#### GIVEN RECORDS:
☆ ☆ ☆ ☆ ☆

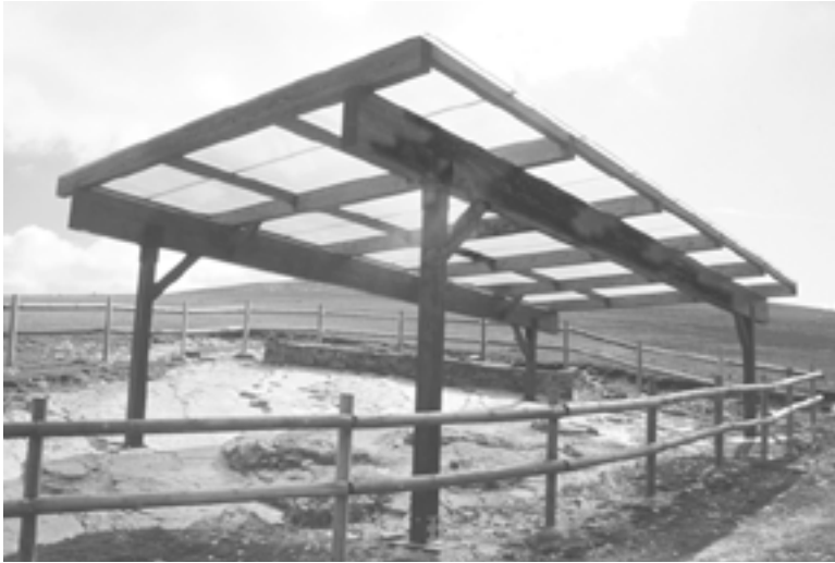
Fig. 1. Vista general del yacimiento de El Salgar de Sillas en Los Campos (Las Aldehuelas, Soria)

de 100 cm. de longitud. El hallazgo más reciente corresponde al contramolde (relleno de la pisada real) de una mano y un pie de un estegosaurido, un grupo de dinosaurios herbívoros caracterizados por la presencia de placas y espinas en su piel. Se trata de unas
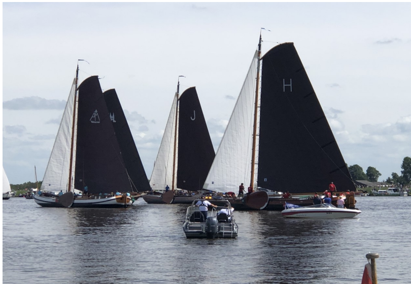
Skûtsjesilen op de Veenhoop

☆ ☆ ☆ ☆ ☆

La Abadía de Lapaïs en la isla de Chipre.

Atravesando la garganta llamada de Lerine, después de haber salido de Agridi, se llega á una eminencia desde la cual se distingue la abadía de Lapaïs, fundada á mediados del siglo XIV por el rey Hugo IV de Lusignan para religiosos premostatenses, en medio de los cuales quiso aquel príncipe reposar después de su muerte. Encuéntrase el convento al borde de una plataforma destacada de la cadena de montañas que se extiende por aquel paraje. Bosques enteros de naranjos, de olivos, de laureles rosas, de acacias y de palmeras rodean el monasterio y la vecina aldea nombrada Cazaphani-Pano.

☆ ☆ ☆ ☆ ☆

#### WHAT YOU HAVE TO DO:
Search the entries for the word "Lapaïs". Copy every line where it occurs.

#### RESULT:
La Abadía de Lapaïs en la isla de Chipre.
Atravesando la garganta llamada de Lerine, después de haber salido de Agridi, se llega á una eminencia desde la cual se distingue la abadía de Lapaïs, fundada á mediados del siglo XIV por el rey Hugo IV de Lusignan para religiosos premostatenses, en medio de los cuales quiso aquel príncipe reposar después de su muerte. Encuéntrase el convento al borde de una plataforma destacada de la cadena de montañas que se extiende por aquel paraje. Bosques enteros de naranjos, de olivos, de laureles rosas, de acacias y de palmeras rodean el monasterio y la vecina aldea nombrada Cazaphani-Pano.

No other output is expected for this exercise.